Что ни говори, а мысль о коллективном издании снова стала темой для разговоров. Казис писал нам из Вены: «Предлагаю создать кооператив. Журнал следует назвать «Авангард» или «Влево», издавать небольшим форматом». К участию «надо привлечь весь прогрессивный элемент. Ведь в нем будет вестись борьба против поповщины, которая разъедает пашу культуру. Нельзя забывать поэтому про Тисляву, Креве, Сруогу, Киршу и др., приглашайте и Саломею Нерис (девка, кажется, перейдет на нашу сторону, надо с ней повежливей)». Казис призывал нас создать «Кооператив писателей», который бы материально помогал всем работать. «Пока не будет широкой писательской организации, до тех пор мы будем любителями, а не профессионалами. А литературу надо сделать профессией. Это будет большое культурное достижение. Хорошо писателям других стран. Там о таких делах думают дельцы. А у нас делец непременно осел и жулик. Так что приходится все делать самим. В какой-то степени мы это и делаем. Но надо всему делу прочную основу. Такая основа, по-моему, и будет — кооператив».

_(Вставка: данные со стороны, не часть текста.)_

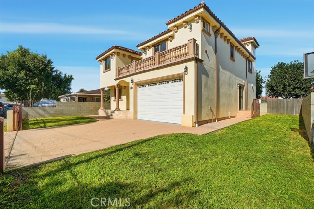 Craftsmanship, space, and versatility define this exceptional residence in Carson, ideally situated on a quiet small dead-end street. This five-bedroom, four and a half bath home offers approximately 3,000 square feet of living space, plus a rare approximate 1600 square feet basement that provides outstanding flexibility and potential. The home welcomes you with a striking wrought-iron double-door entry featuring operable glass panels for natural light and airflow. Inside, travertine flooring on the ground level, soaring ceilings, and architectural metal railings create an impressive foyer. The entry level is bright and open, featuring a ground-floor bedroom with ensuite, ideal for guests, in-laws, or a home office. The living room is designed for comfort and ambiance, showcasing a gas fireplace, powder room, dramatic inverted recessed tray ceiling, and sliding glass doors that lead to the backyard. Just a few steps up, the kitchen offers easy access for everyday living and entertaining. The dining and kitchen areas flow seamlessly, including a formal dining room with architectural tray ceiling, direct kitchen access, a versatile pantry space ideal for a coffee or beverage bar, and sliding doors opening to the side and backyard. A breakfast area with a bay window adds warmth. Upstairs, a bright landing includes linen storage and a convenient laundry chute. Secondary bedrooms are bright, with two enjoying access to a front balcony with craftsman-style column railings, perfect for morning sun or evening stargazing. The primary suite is an expansive, resort-like retreat, featuring double-door entry, space for a sitting area or library, ensuite with dual vanities, soaking tub, separate shower, walk-in closet, and a laundry chute. A private rooftop balcony extends the living space outdoors ideal for yoga, coffee, or quiet relaxation. A rare, oversized basement, divided into three areas, adds a level of versatility seldom found in the neighborhood ideal for recreation, workspace, creative YouTube channel, or storage. Completing the home is a gated two-car garage with high ceilings, additional driveway parking, a travertine front porch, and a backyard ready to be transformed into a custom outdoor oasis. Buyer to perform all due diligence and independently verify condition, permits, square footage, basement use, access, and any other material facts.

Идей было хоть отбавляй; иногда мы забывали, что живем среди пассивной интеллигенции и что разбивать скорлупу косности и враждебности не только трудно, но и опасно. Мы находили живых людей, которые не могли примириться с клерикализмом и фашизмом, протестовали и боролись. Меня взволновало письмо одного гимназиста из Зарасай, который писал: «Еще 22 декабря меня, как «коммуниста», допросили учителя. В моей квартире сделали обыск и изъяли книги и социалистические газеты… Меня включили в список подозреваемых. Наверное, сошлют в Варняй… Сегодня я в школе, а что будет завтра — не знаю. Мне нечем платить за учебу. А родные отреклись от меня, как от «безбожника». Это великая трагедия моего тела и души». Немного наивно, серьезно и трогательно писал этот юноша, описывая атмосферу, которая царила не только в Зарасайской гимназии.

В университете жизнь шла своим чередом. Начался осенний семестр. Немного улучшились условия — нас перевели в новое здание. Здесь же работал и литературный кружок «Экспресс», в собраниях которого несколько раз участвовали и Цвирка, и, кажется, Шимкус. У нас зрели новые, серьезные планы.